E a proposito di Europa: Cameron è riuscito a contenere con successo il fenomeno-Farage. L’erosione di voti conservatori da parte dei populisti dell’Ukip che molti esperti avevano previsto non c’è stata. Cameron si è barcamenato tra promesse di eventuali referendum per uscire dall’Unione Europea e sorridenti rassicurazioni a Strasburgo. Alla fine il gioco ha funzionato e Farage con il suo armamentario demagogico sembra già in declino, pur conservando un certo appeal sull’elettorato degli anziani, degli xenofobi, dei nostalgici dell’Impero Britannico, ma che il sistema elettorale maggioritario — sempiterno e inamovibile in Britannia — penalizza inesorabilmente.
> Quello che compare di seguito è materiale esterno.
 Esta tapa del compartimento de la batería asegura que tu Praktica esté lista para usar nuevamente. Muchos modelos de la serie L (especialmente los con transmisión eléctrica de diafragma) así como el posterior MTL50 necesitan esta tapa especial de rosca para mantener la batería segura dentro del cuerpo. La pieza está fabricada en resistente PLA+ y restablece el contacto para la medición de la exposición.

Per quanto riguarda il Labour, esce da queste elezioni nettamente sconfitto. Il testa a testa coi Conservatori prefigurato dai sondaggi (dove — un po’ come in Italia — i moderati sono in imbarazzo a dichiararsi tali) non c’è stato. Erede di Tony Blair cercasi. Dopo il grigio Gordon Brown che successe al brillante leader di fine secolo, i progressisti non sono ancora riusciti a trovare una figura che avvicini il carisma e l’innovatività di Tony: si tratta di una crisi di leadership, più che di idee, ma non solo. I Laburisti hanno subito un vero e proprio tracollo in quello che da sempre era uno dei maggiori serbatoi di voti: la Scozia. Qui c’è stato sì un risultato storico, un cappotto clamoroso: lo Snp, il partito indipendentista, ha conquistato 55 seggi su 58, tant’è che si dovrebbe ora sostituire il luogo comune di “voto bulgaro” con “voto scozzese”.
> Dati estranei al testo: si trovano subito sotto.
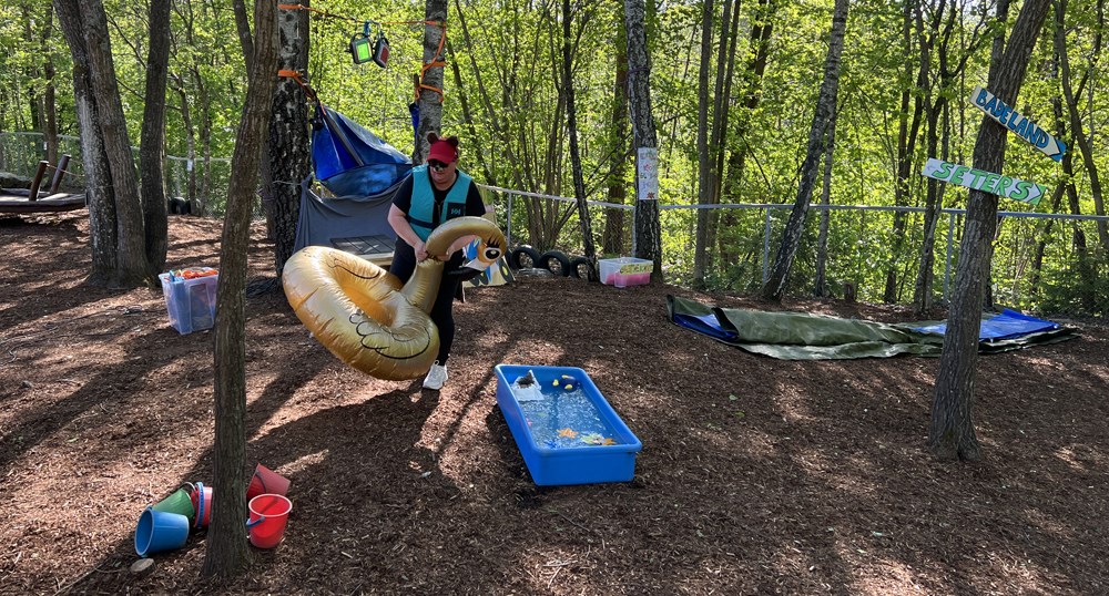 De går bort til en liten sklie og så sklir de - mange ganger.

Un voto, quello scozzese, estremamente significativo. Pochi mesi fa si era tenuto, come noto, un referendum per ottenere l’indipendenza che Londra aveva stoppato con le buone e con le cattive, con gli appelli accorati all’unione e all’attaccamento alla Corona e con minacce più o meno esplicite di catastrofi economiche di una Scozia priva della sterlina. Sotto una nuova guida, quella della pasionaria Nicola Sturgeon che ha preso il posto di un Alex Salmond bollito, lo Scottish National Party ha rialzato la testa, e gli scozzesi hanno dato un inequivocabile segnale di non voler essere ancora una volta menati per il naso da Londra, e dalle sue gentili concessioni. I Laburisti si erano spesi moltissimo per fermare il processo autonomistico in una terra che da sempre li aveva sostenuti generosamente, ed ora ne pagano le conseguenze.
Ma anche Cameron non ha di che gioire troppo di questa situazione, sulla quale nemmeno il nazionalismo da tabloid e la nascita della royal baby hanno potuto incidere. Si prospettano anni interessanti, in Britannia.